Vicente Verdú
Si se restara del tiempo que los políticos dedican a los ciudadanos el tiempo que destinan a otros políticos, ¿qué quedaría? Más o menos un resto negativo que no justificaría ni su elección, su permanencia y su remuneración.
Menos todavía el amplísimo poder que le concede la ciudadanía mediante un sistema democrático convertido ya en el gran truco pervertidor de nuestro tiempo. Ni los elegidos, en la inmensa mayoría de los casos, responden a un deseo directo de los electores, ni una vez en el cargo siguen más directrices que las del jefe de su formación.
De este modo la masa política se comporta como una materia emancipada de la sociedad y entregada a las estrategias del poder del partido. Los diputados y diputadas votan esto o aquello, se personan o no, callan o vociferan en el parlamento de acuerdo a las pautas que reciben para superar las coyunturas que amenazan su preeminencia o para fortalecer su posición de dominio.
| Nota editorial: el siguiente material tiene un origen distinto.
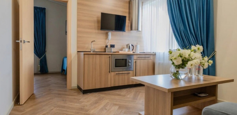 32 м2, две односпальные или двуспальная кровать, диван, гостиная зона, кухонная зона, рабочая зона. Количество гостей: 3.Стандарт "Комфорт"

¿El partido representa la palanca para generar justicia, libertad y bienestar? El partido es ahora el partido y perdería una parte sustantiva de su existencia si cayera en la oposición. Lo decisivo es encastillarse en el poder y, para conseguirlo, el mayor trabajo se lo llevan las maniobras de defensa o ataques permanentes a la oposición.
La oposición, obviamente, procede a su vez del mismo modo. Tanto porque así se define políticamente como porque su acceso al poder quedará más o menos abierto según socave o desprestigie al rival.
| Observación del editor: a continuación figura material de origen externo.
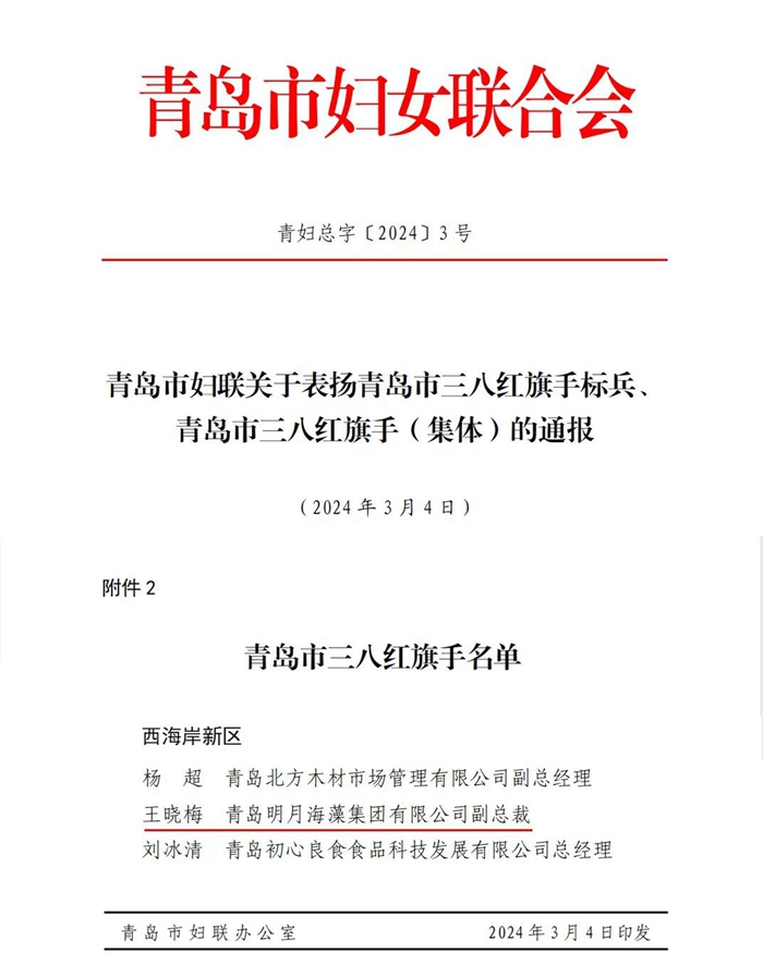 近日,青島市婦女聯(lián)合會(huì)發(fā)布《關(guān)于表?yè)P(yáng)青島市三八紅旗手標(biāo)兵、青島市三八紅旗手(集體)的通報(bào)》,其中,青島明月海藻集團(tuán)有限公司副總裁王曉梅同志獲評(píng)青島市三八紅旗手榮譽(yù)稱號(hào)。

La dedicación a esta labor ha crecido tanto en intensidad como en grandes proporciones de tiempo y planeamiento. Cada nuevo gobierno se inaugura con una breve ceremonia de ritual y, de inmediato, estalla o se prolonga la trifulca perpetua, una pugna ante los ciudadanos que reproduce insoportablemente el argumento anterior.
Puede ser, efectivamente, que en la sociedad del espectáculo nada pueda ser real sin su representación y nada pueda ser comunicado sin su dosis de lenguajes agresivos. Pero también, en comparación con la muy surtida oferta de entertainment, el enfrentamiento político huele ya a naftalina y aburre como una desgastada y barata función teatral.
¿Para qué esta política desvirtuada? ¿Para qué estos políticos? El rampante crecimiento de la abstención ante las urnas por todo el mundo va indicando el distanciamiento del público respecto a un cuerpo institucional en podredumbre. La corrupción de los cargos nacionales o locales, la viciosa relación entre partidos, la vileza de las acusaciones, la perfidia general en ese ámbito, obliga a revisar el sistema y a impedir cuanto antes que el erario público siga financiando esta insufrible reyerta particularista y desleal.